Top of DATA SHOWN

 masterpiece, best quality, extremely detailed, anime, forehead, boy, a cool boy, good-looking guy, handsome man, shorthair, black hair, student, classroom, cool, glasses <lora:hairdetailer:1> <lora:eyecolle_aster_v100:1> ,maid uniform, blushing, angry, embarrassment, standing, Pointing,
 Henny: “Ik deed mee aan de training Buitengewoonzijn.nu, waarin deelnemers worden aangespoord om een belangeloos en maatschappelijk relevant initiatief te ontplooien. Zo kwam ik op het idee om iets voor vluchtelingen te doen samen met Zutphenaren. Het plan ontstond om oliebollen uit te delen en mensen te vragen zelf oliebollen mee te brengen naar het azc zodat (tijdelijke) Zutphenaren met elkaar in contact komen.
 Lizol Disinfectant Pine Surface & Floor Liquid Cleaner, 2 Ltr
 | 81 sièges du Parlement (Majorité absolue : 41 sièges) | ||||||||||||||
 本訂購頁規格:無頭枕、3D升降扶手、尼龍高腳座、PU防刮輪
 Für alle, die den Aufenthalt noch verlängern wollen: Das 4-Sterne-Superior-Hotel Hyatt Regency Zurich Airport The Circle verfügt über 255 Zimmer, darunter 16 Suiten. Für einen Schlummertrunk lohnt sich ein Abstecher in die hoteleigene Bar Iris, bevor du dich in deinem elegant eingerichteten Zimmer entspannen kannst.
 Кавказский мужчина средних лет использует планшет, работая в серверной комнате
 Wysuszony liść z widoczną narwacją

Bottom of DATA SHOWN
Top of DATA SHOWN

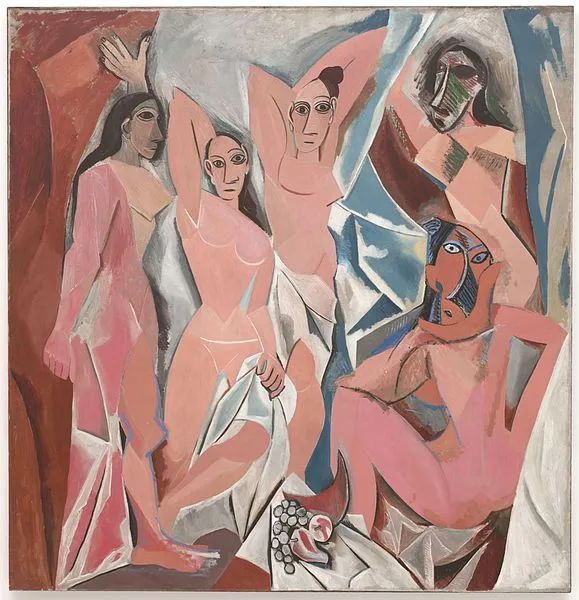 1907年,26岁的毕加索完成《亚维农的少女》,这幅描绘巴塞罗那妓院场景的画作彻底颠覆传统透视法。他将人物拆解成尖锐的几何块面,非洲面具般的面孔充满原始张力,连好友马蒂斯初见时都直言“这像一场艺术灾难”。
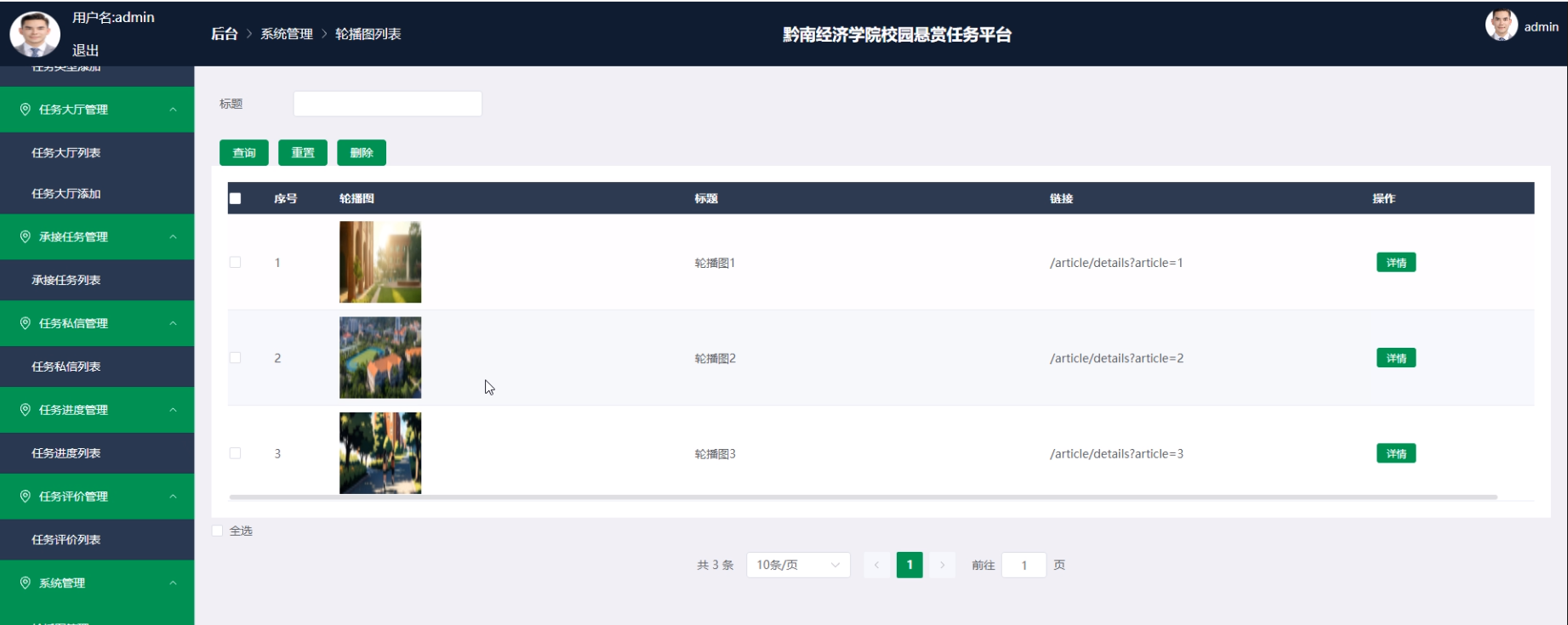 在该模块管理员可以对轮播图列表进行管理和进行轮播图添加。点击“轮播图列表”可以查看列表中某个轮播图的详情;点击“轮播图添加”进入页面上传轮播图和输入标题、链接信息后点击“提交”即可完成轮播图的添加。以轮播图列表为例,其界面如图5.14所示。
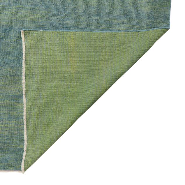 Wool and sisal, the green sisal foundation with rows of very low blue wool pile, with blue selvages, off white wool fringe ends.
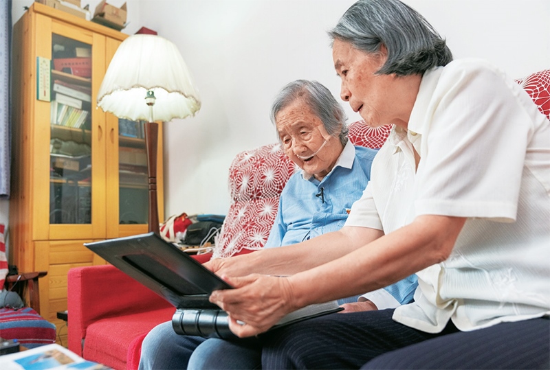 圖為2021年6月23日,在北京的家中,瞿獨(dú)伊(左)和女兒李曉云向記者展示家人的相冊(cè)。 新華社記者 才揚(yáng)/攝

Bottom of DATA SHOWN
Top of DATA SHOWN

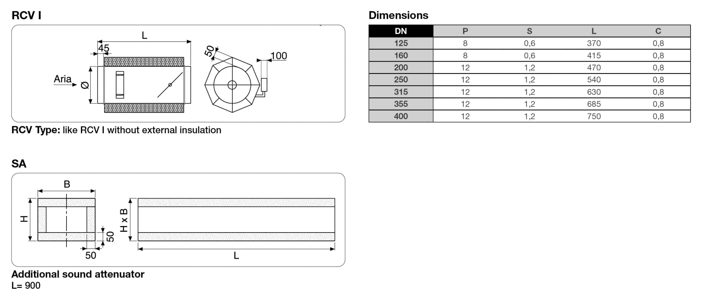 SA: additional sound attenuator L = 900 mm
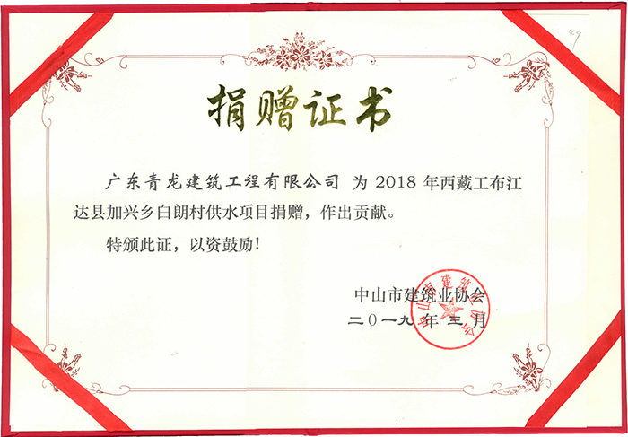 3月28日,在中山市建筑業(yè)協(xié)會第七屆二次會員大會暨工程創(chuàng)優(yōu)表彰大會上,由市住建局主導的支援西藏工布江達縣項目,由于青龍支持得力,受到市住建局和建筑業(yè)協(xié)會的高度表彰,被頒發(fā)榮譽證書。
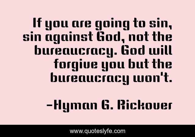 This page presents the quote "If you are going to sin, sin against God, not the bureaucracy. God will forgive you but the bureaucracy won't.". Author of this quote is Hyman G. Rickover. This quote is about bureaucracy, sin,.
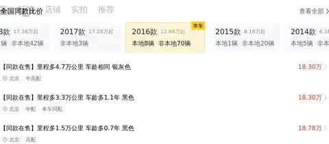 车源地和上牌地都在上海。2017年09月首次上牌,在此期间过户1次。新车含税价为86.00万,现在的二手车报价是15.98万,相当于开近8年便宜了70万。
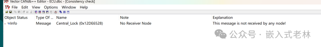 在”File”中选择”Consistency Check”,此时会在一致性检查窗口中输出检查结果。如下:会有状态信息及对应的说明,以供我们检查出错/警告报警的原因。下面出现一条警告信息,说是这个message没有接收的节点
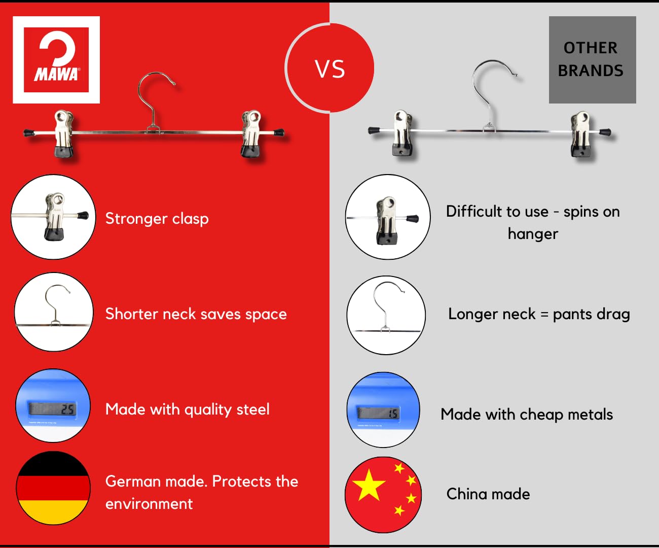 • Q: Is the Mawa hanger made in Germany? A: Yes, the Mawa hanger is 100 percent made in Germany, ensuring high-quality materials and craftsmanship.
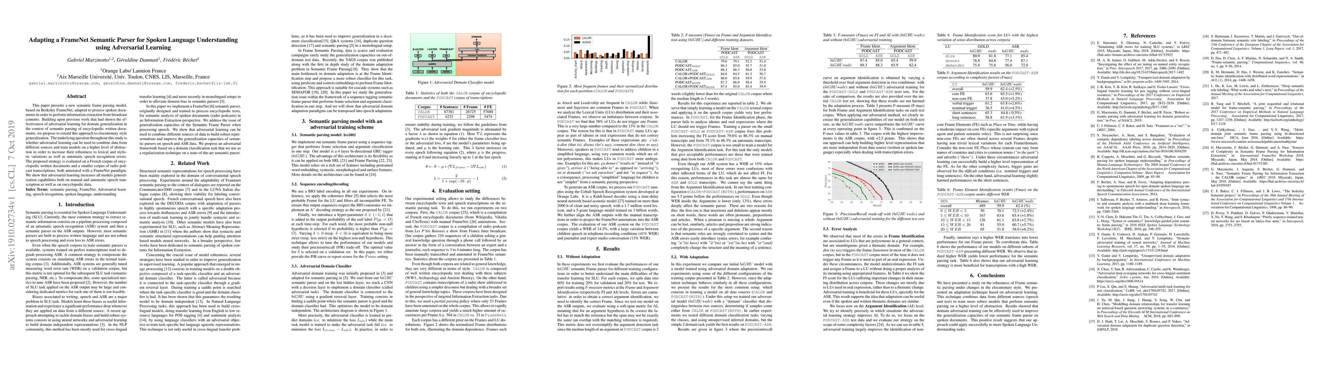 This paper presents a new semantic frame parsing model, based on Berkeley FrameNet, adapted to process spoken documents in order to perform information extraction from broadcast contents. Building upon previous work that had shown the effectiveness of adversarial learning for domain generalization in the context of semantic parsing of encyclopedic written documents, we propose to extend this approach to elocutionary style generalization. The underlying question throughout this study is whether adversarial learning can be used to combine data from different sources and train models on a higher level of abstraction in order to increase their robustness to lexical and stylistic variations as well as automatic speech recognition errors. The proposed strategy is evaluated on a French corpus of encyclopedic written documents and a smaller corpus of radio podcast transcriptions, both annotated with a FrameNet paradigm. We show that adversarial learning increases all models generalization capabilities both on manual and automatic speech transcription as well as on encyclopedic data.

Bottom of DATA SHOWN

EXERCISE OBJECTIVE |
Keep both end lines and retype everything in the records above from the line containing "masterpiece, best quality, extremely" through the line containing "Wysuszony liść z widoczną narwacją", exactly, with nothing else.

EXERCISE ANSWER |
 masterpiece, best quality, extremely detailed, anime, forehead, boy, a cool boy, good-looking guy, handsome man, shorthair, black hair, student, classroom, cool, glasses <lora:hairdetailer:1> <lora:eyecolle_aster_v100:1> ,maid uniform, blushing, angry, embarrassment, standing, Pointing,
 Henny: “Ik deed mee aan de training Buitengewoonzijn.nu, waarin deelnemers worden aangespoord om een belangeloos en maatschappelijk relevant initiatief te ontplooien. Zo kwam ik op het idee om iets voor vluchtelingen te doen samen met Zutphenaren. Het plan ontstond om oliebollen uit te delen en mensen te vragen zelf oliebollen mee te brengen naar het azc zodat (tijdelijke) Zutphenaren met elkaar in contact komen.
 Lizol Disinfectant Pine Surface & Floor Liquid Cleaner, 2 Ltr
 | 81 sièges du Parlement (Majorité absolue : 41 sièges) | ||||||||||||||
 本訂購頁規格:無頭枕、3D升降扶手、尼龍高腳座、PU防刮輪
 Für alle, die den Aufenthalt noch verlängern wollen: Das 4-Sterne-Superior-Hotel Hyatt Regency Zurich Airport The Circle verfügt über 255 Zimmer, darunter 16 Suiten. Für einen Schlummertrunk lohnt sich ein Abstecher in die hoteleigene Bar Iris, bevor du dich in deinem elegant eingerichteten Zimmer entspannen kannst.
 Кавказский мужчина средних лет использует планшет, работая в серверной комнате
 Wysuszony liść z widoczną narwacją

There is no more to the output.